- Directed by: Charles Saunders
- Screenplay by: Arthur Reid
- Based on: play by A.P. Dearsley
- Produced by: Henry Passmore
- Starring: Patrick Holt Margaret Barton Peter Hammond
- Cinematography: Roy Fogwell
- Edited by: Gerald Landau
- Music by: Christopher Shaw
- Production company: Highbury Productions
- Release date: 1948;
- Running time: 59 minutes
- Country: United Kingdom
- Language: English

= Fly Away Peter (1948 film) =

British comedy-drama by Charles Saunders

Fly Away Peter is a 1948 British second feature ('B') comedy-drama film directed by Charles Saunders and starring Patrick Holt, Margaret Barton and Peter Hammond. It was written by Arthur Reid based on the play of the same name by A.P. Dearsley and produced by Highbury Productions.

==Plot==
Mr and Mrs. Hapgood are a middle-aged middle-class suburban couple, with four children. Mr Hapgood is unassertive; Mrs Hapgood is possessive. Each of the children leave home either to work abroad or to marry, much to he dismay of Mrs Hapgood. Eventually, when the youngest daughter is willing to stay at home for the sake of her mother's happiness, Mrs. Hapgood realises that she must accept the inevitability of the break-up of the family.

==Cast==
- Patrick Holt as John Nielson
- Margaret Barton as Myra Hapgood
- Peter Hammond as George Harris
- Frederick Piper as Mr Hapgood
- Kathleen Boutall as Mrs Hapgood
- Nigel Buchanan as Arthur Hapgood
- John Singer as Ted Hapgood
- Elspet Gray as Phyllis Hapgood
- Josephine Stuart as Dandy

== Reception ==
The Monthly Film Bulletin wrote: "Based on the play of the same name, the film, which is little altered, remains necessarily static. There is, however, the same neat dialogue and quiet insight into ordinary domestic affairs that characterised the play, and although not in essence a film – the three acts are still too clearly defined, for one thing – Fly Away Peter is painstakingly made and entertaining. The best performance undoubtedly comes from Margaret Barton as the wholly practical and delightful younger daughter; but she is run a very close second by Peter Hammond in his study of her amiable boy friend."

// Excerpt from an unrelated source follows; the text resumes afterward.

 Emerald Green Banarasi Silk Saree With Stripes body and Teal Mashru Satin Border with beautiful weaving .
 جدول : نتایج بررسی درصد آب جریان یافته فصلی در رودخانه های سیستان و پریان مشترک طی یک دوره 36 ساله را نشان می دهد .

Kine Weekly wrote: "Margaret Barton as Myra has quite a way with her and should go far. Frederick Piper and Kathleen Boutall are true to type as Mr and Mrs. Hapgood, but a few of the supporting players are a trifle stiff. The film is one of words rather than deeds, but its lifelike leading characters move easily about the parlour and extract pleasing sentiment and wholesome laughter from its fireside theme. Of much the same kidney as Dear Octopus, its family and popular appeal is confidently assured. It's the first woman's featurette to come out of Highbury."

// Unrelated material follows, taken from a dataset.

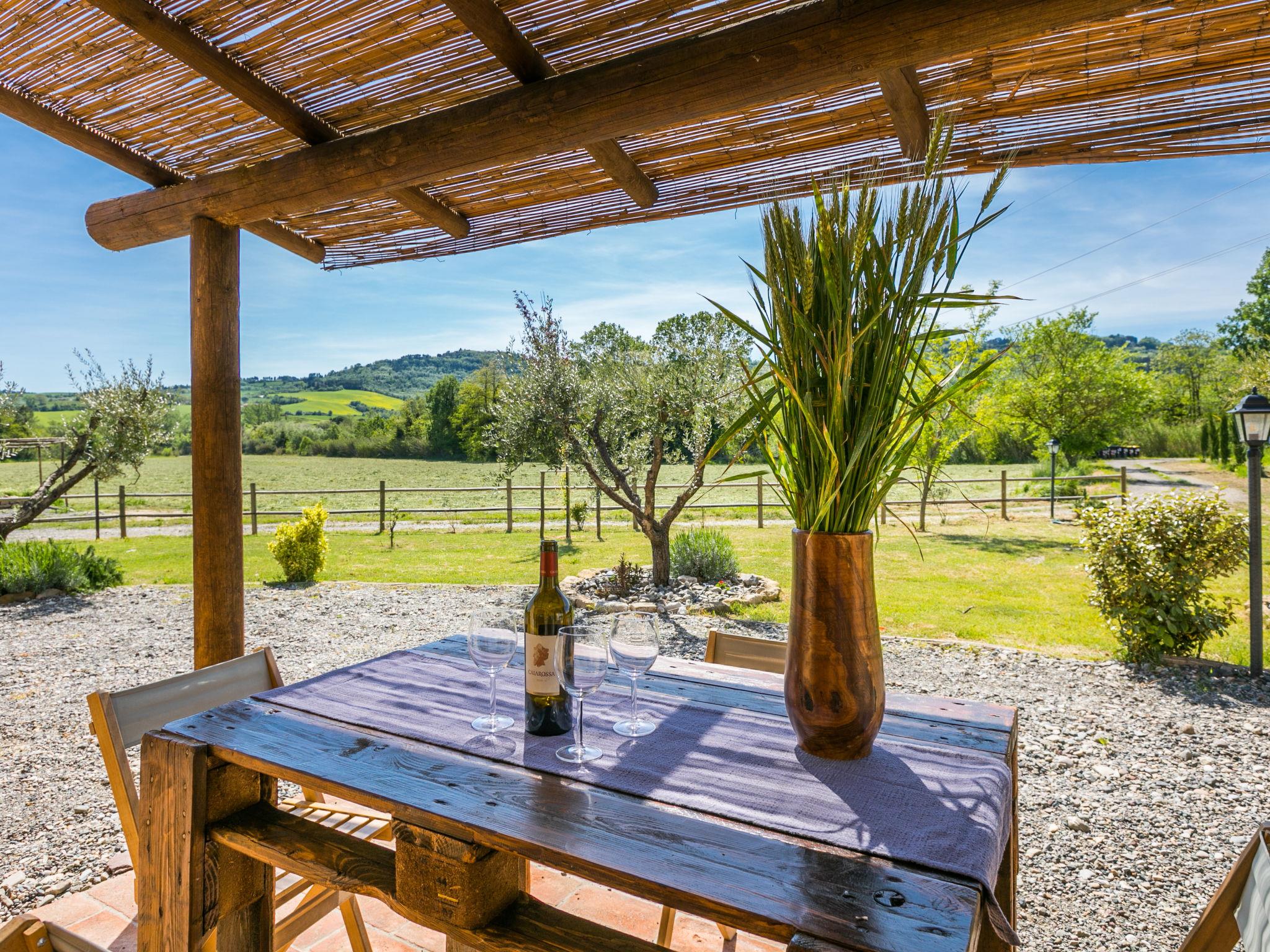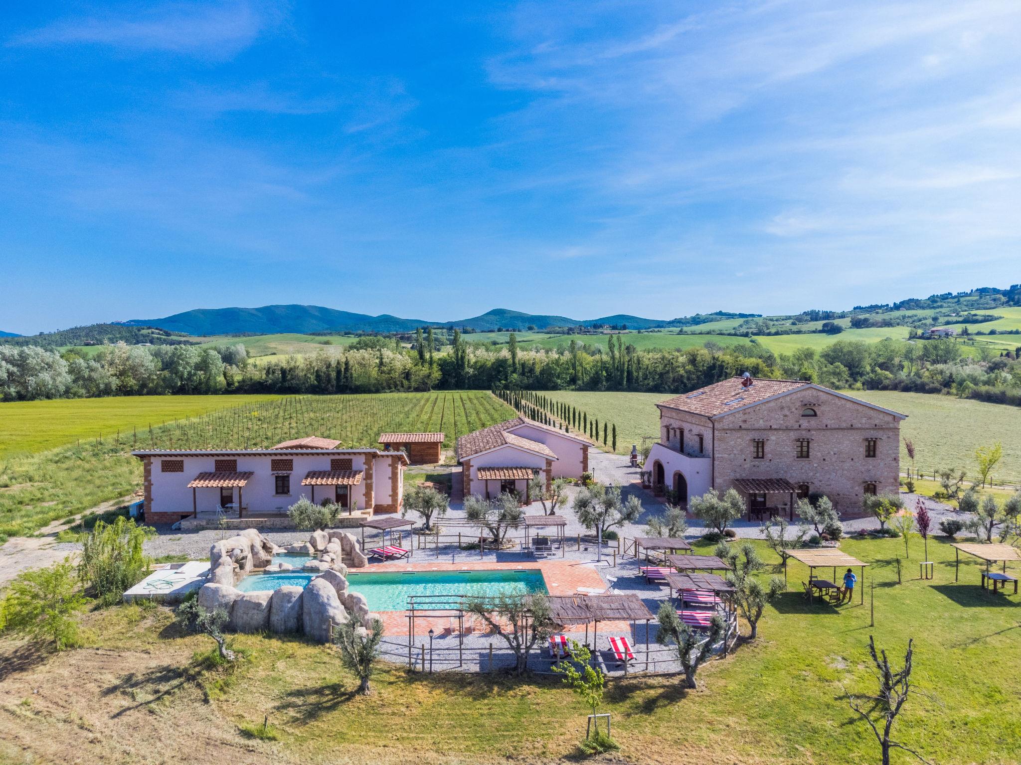 This carefully restored complex is located in the middle of the fields of the Val di Cecina, a few steps from the river of the same name. Much attention was paid to the construction of the swimming pool, where a hydromassage ( about 11 people) and a children's pool carved into the stone were created. Resort "Podere la Querciola", 2 storeys, renovated in 2021, surrounded by meadows and fields. In the district of Casino di Terra 11 km from the centre of Guardistallo, 14 km from the centre of Cecina, in a secluded, quiet position, 16 km from the sea. For shared use: property with plants and trees, swimming pool (6 x 11 m, depth 150 cm, seasonal availability: 01.May. - 15.Oct.). Children's pool, outdoor shower, hot tub, garden furniture, barbecue. In the complex: WiFi, washing machine (extra). Motor access (700 m via unmade road). Parking. Shop 11 km, restaurant 2 km, bar 2 km, bus stop 1.1 km, sandy beach "Marina di Cecina" 16 km. Nearby attractions: Volterra 24 km, Pisa 70 km, Firenze 100 m.

Picture Show wrote: "Unpretentious, agreeable little suburban domestic drama, showing the concern of a fond father and possessive mother when their children leave the parental nest to try their wings. It is acted with understanding and directed with humour,"

Picturegoer wrote: "Simple, homely humour is the keynote of the film."

The Daily Film Renter wrote: "Pleasant family entertainment. ...Puppy-love romance of Margaret Barton with Peter Hammond is easily the brightest part of the picture."

In British Sound Films: The Studio Years 1928–1959 David Quinlan rated the film as "average", writing: "Rather stagey but agreeable little picture."